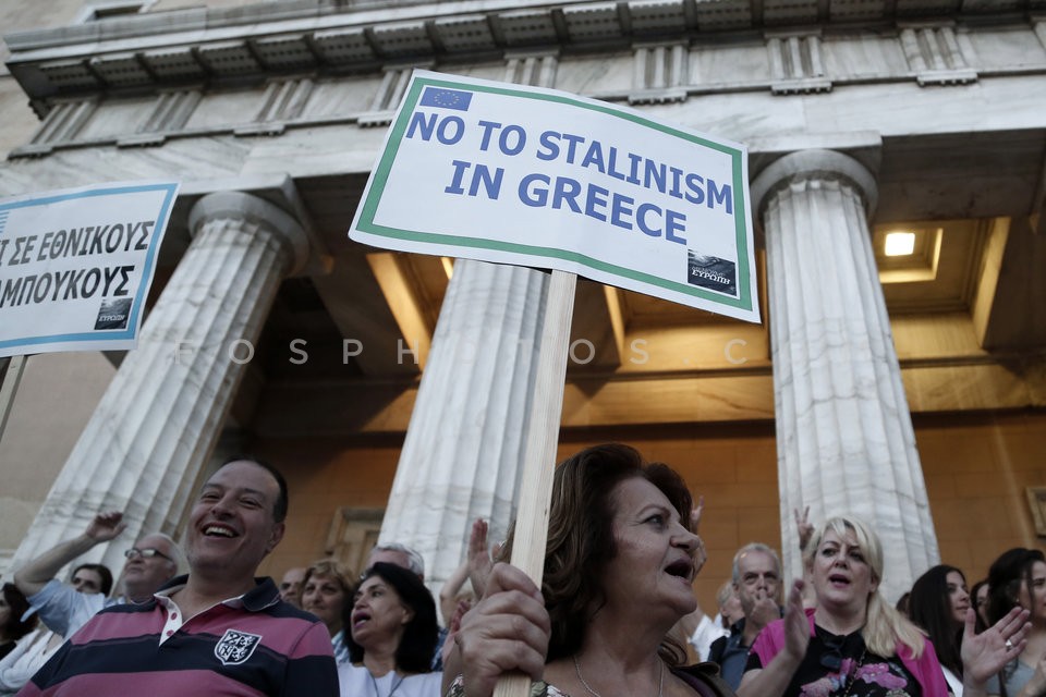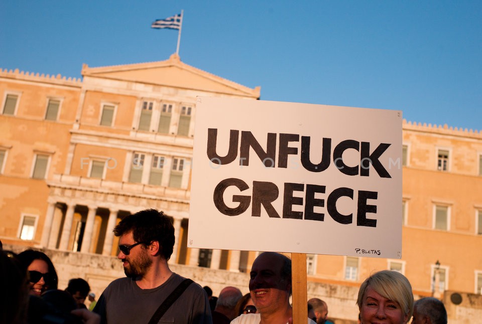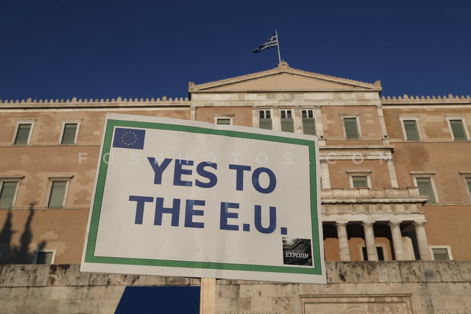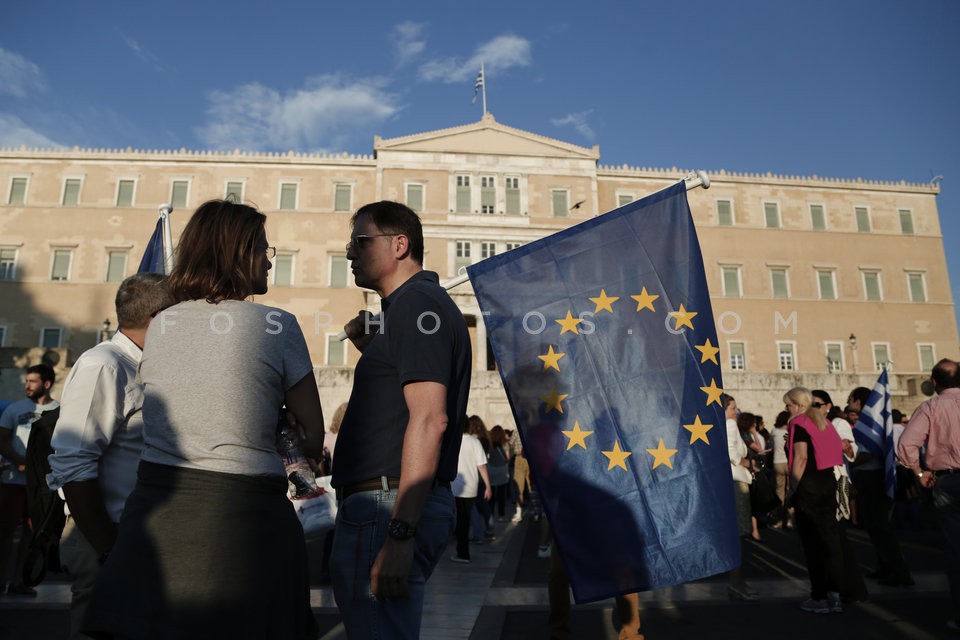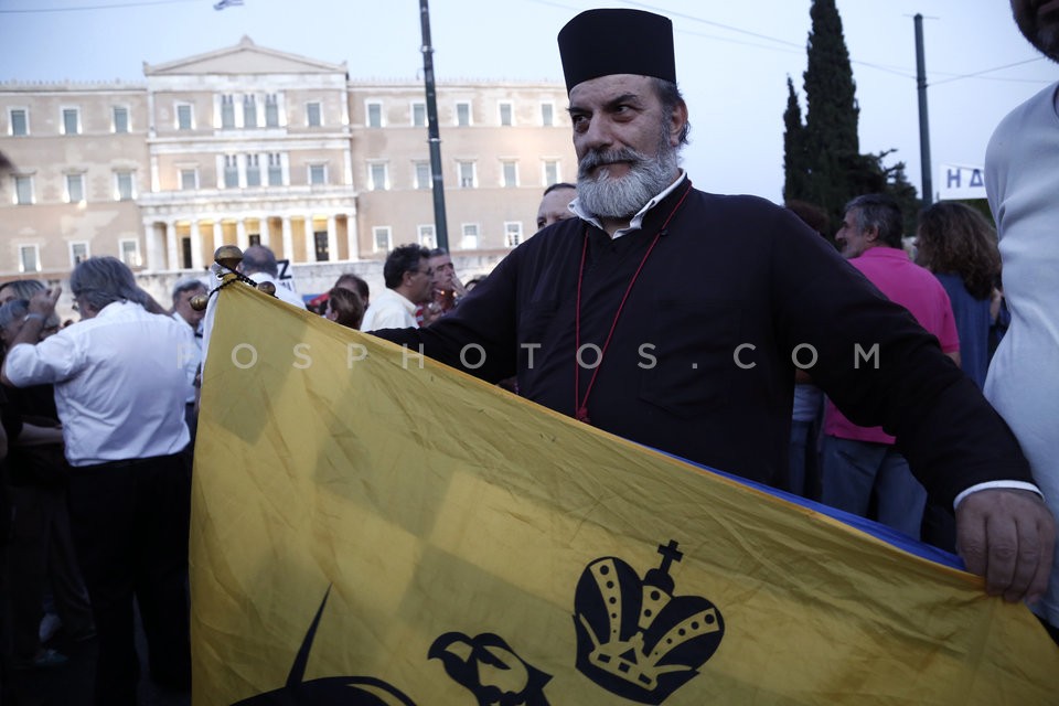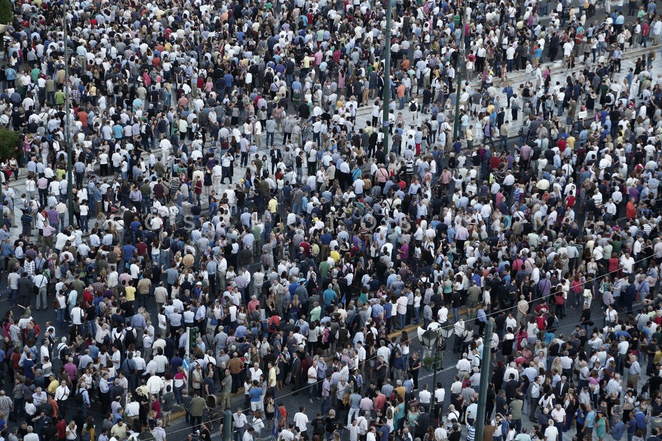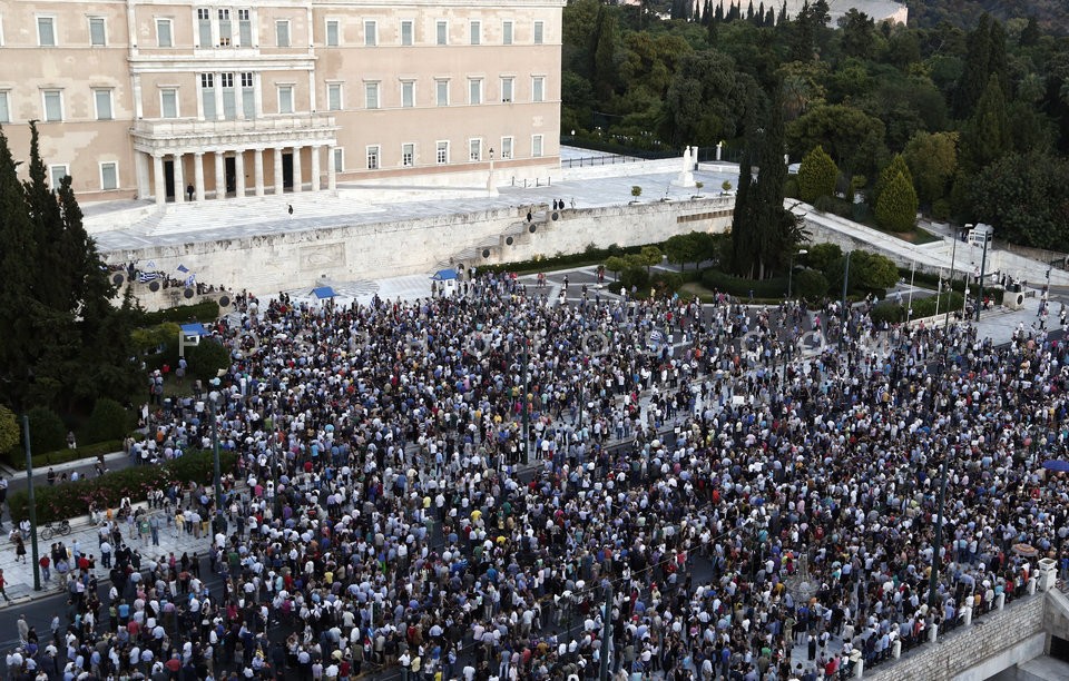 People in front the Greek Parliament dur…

* * *

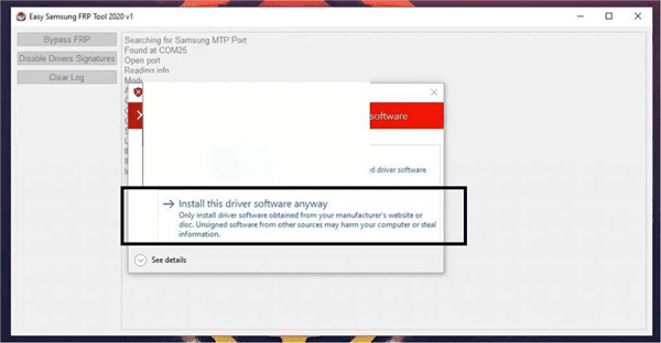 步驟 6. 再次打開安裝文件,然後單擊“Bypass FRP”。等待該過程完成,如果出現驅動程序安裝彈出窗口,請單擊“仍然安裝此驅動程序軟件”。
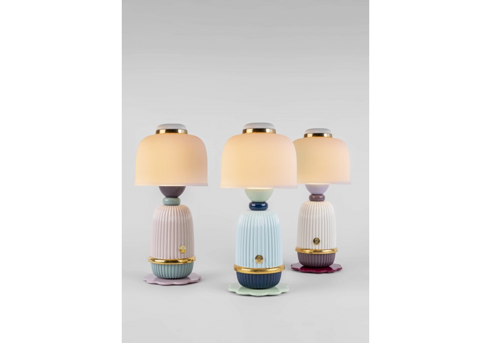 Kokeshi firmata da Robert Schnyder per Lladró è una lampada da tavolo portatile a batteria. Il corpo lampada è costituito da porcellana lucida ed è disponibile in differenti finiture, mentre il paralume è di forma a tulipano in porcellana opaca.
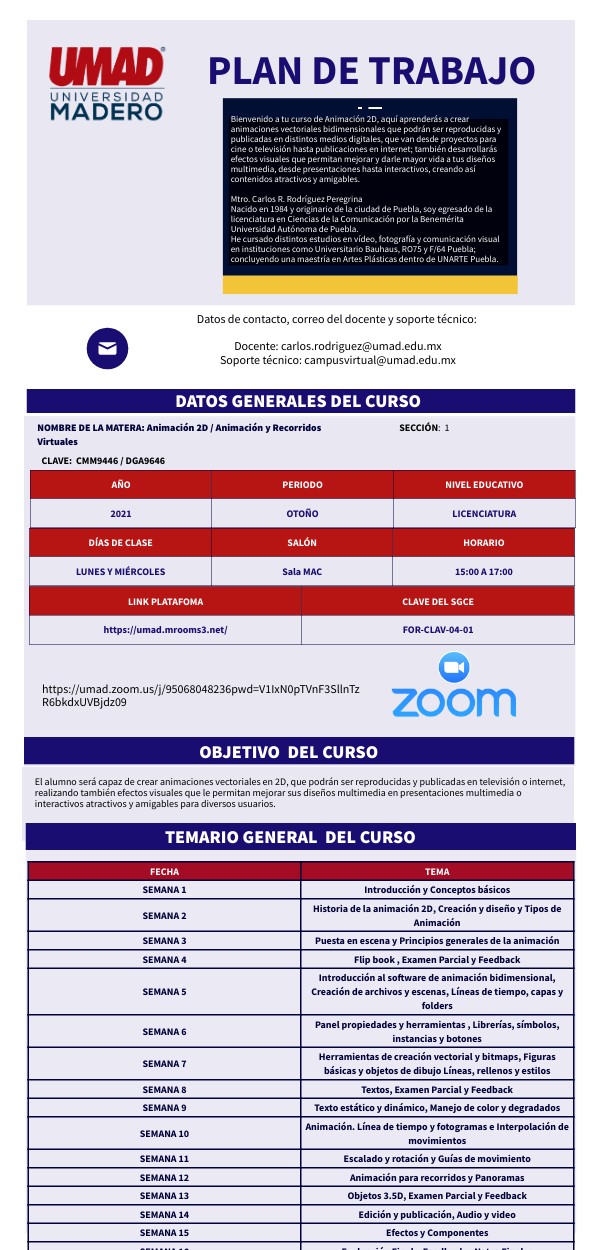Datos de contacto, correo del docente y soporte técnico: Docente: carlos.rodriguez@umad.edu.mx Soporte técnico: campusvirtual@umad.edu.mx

» Exercise:
Respond with the exact lines above running from the one containing "Kokeshi firmata da" to the one containing "Datos de contacto, correo", both ends kept and no pictures included.

» Result for this exercise:
 Kokeshi firmata da Robert Schnyder per Lladró è una lampada da tavolo portatile a batteria. Il corpo lampada è costituito da porcellana lucida ed è disponibile in differenti finiture, mentre il paralume è di forma a tulipano in porcellana opaca.
Datos de contacto, correo del docente y soporte técnico: Docente: carlos.rodriguez@umad.edu.mx Soporte técnico: campusvirtual@umad.edu.mx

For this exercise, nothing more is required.